11.  (U) Pakistan's position as a major drug transit country has 
fueled domestic addiction, especially in areas of poor economic 
opportunity and physical isolation.  The GOP estimates that they 
have up to four million drug users in the total population of 170 
million.  Accurate figures do not exist but better estimates are now 
available thanks to UNODC's 2006 National Assessment on Problem Drug 
Use in Pakistan.  The study estimated that there were 628,000 (up 
from 500,000 in 2000) chronic opiate abusers and identified a new 
trend of injecting narcotics, which raised concerns about HIV/AIDS. 
The UNODC survey reveals that the number of chronic heroin abusers 
has increased and that the numbers of injecting drug users has 
doubled in the last 6 years from 60,000 to 125,000, with 
implications for hepatitis and HIV infection rates. 
 
12.  (U) Pakistan has established a chemical control program that 
should closely monitor the importation of controlled chemicals used 
to manufacture narcotics.  Significant quantities of diverted 
precursor chemicals transit Pakistan, but there is no indication 
that Pakistan is a source country for these precursor chemicals. 
The impressive seizure of 14 MT of acetic anhydride at the port of 
Karachi in March 2008 was not followed up by the investigative 
agency, which failed to develop promising leads.  Some progress has 
been made in determining the routes and methods used by traffickers 
to smuggle chemicals through Pakistan into Afghanistan.  Most Afghan 
labs are in Helmand province near the Baluchistan border or in 
Nangahar near the Khyber Agency in the NWFP.  DEA continues to 
provide Pakistani law enforcement with information regarding 
chemical seizures that may have links with Pakistani smuggling 
groups and/or chemical companies, to facilitate further 
investigation within Pakistan. 
 
III. Country Actions Against Drugs in 2008 
------------------------------------------- 
13.  (U) Policy Initiatives:  As of the end of 2008, the Drug 
Control Master Plan is still waiting for approval by the Cabinet. 
Publication of the national plan was anticipated in early 2007, and 
delay in its release is a concern.  The plan should identify 
interdiction strategies, agency responsibilities, and inter-agency 
coordination as well as training and equipping requirements for 
attacking drug supply and demand.  The Ministry of Narcotics 
Control, in coordination with UNODC, continues to work on the plan. 
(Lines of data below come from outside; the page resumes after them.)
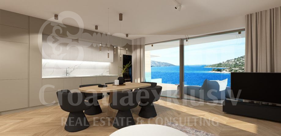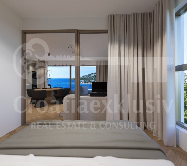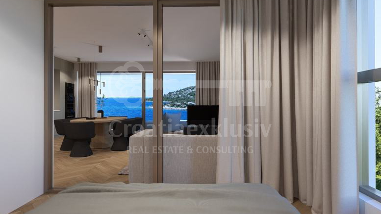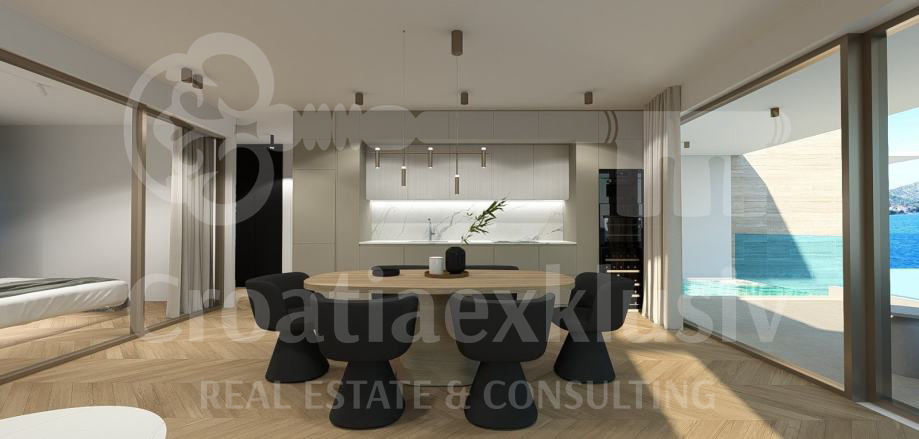 - Staklene stijene u dnevnim prostorima omogućavaju obilje prirodnog svjetla i nesmetan pogled na more iz svakog dijela stana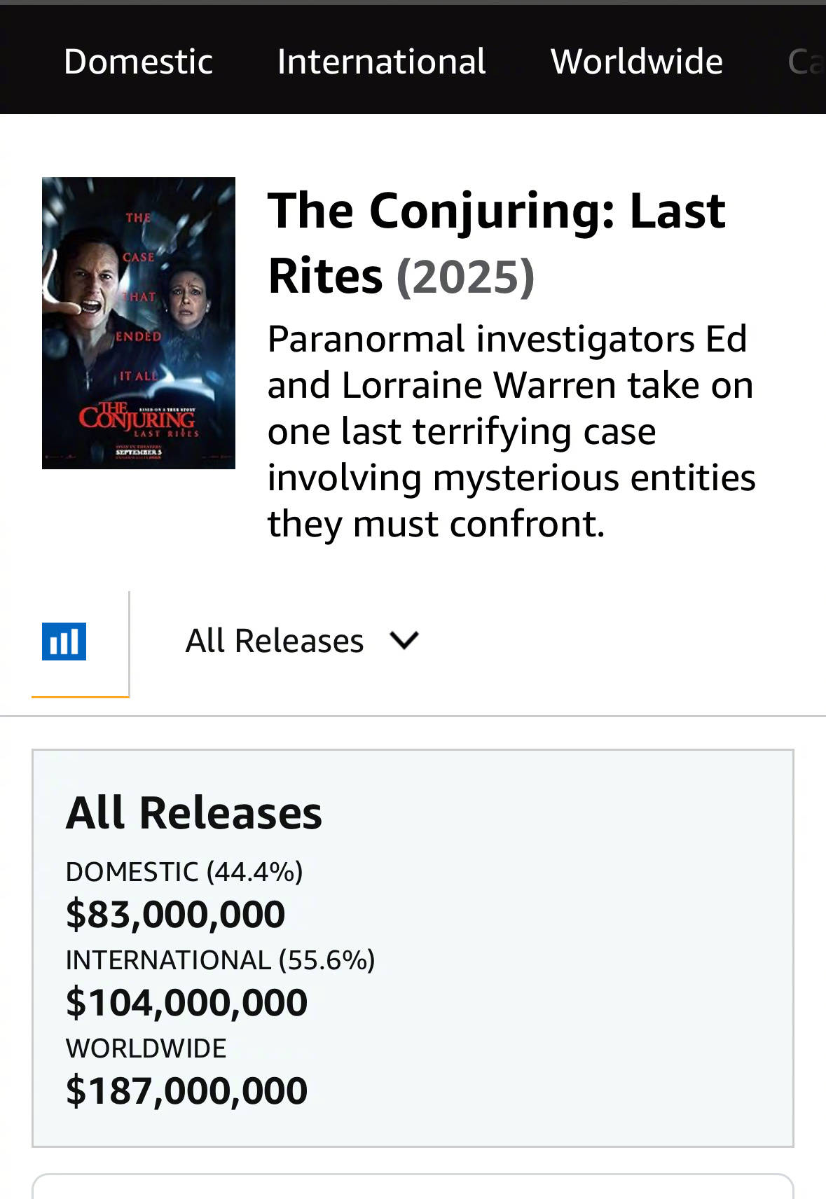 搜狐娱乐讯 超人气系列恐怖片《招魂》最后一部《招魂4:终章》9月5日(上周五)在北美及海外多地上映,北美首周末三天粗报8300万美元、海外票房1.04亿美元,全球首周累计1.87亿美元(业内早期预估该片全球开画仅8000万),皆为该系列最佳首周成绩,创影史恐怖片开画第三高。
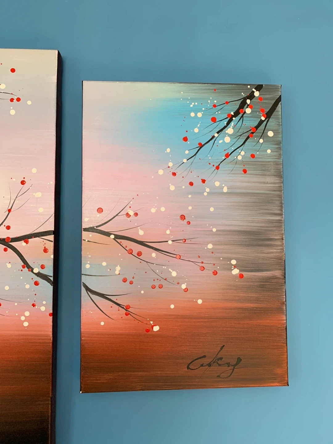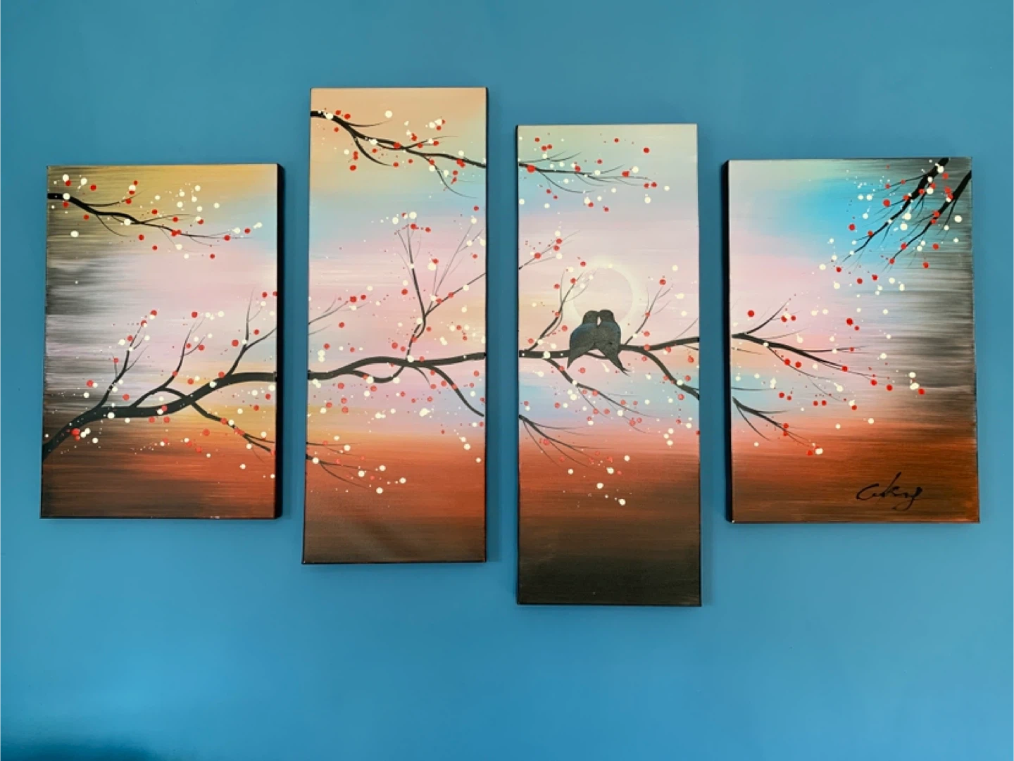 10Selling a set of 4 canvas paintings featuring a beautiful floral design. They would look great in any room!

The GOP also seeks to regain "poppy-free" status, which it had 
secured from the United Nations in 2001, by enforcing a strict "no 
tolerance" policy for cultivation.  Federal and provincial 
authorities continue anti-poppy campaigns in both Baluchistan and 
NWFP, informing local and tribal leaders to observe the poppy ban or 
face forced eradication, fines, and arrests.  Security concerns in 
the Khyber Agency, where the majority of Pakistani poppy continues 
to be harvested, prevented full realization of the GOP's goal to be 
"poppy-free" in 2007-2008. 
 
14.  (U) ANF is the lead counternarcotics agency in Pakistan.  Other 
law enforcement agencies have counternarcotics mandates, including 
the Frontier Corps Baluchistan (FCB) and Frontier Corps NWFP (FCN), 
the Pakistan Coast Guards, the Maritime Security Agency, the 
Frontier Constabulary (FCONS), the Rangers, Customs and Excise, the 
police, and the Airport Security Force (ASF).  The GOP approved 
significant personnel expansions for the ANF, the FCB and FCN, and 
the FCONS in 2006 and 2007.  The ANF now has over 2000 personnel. 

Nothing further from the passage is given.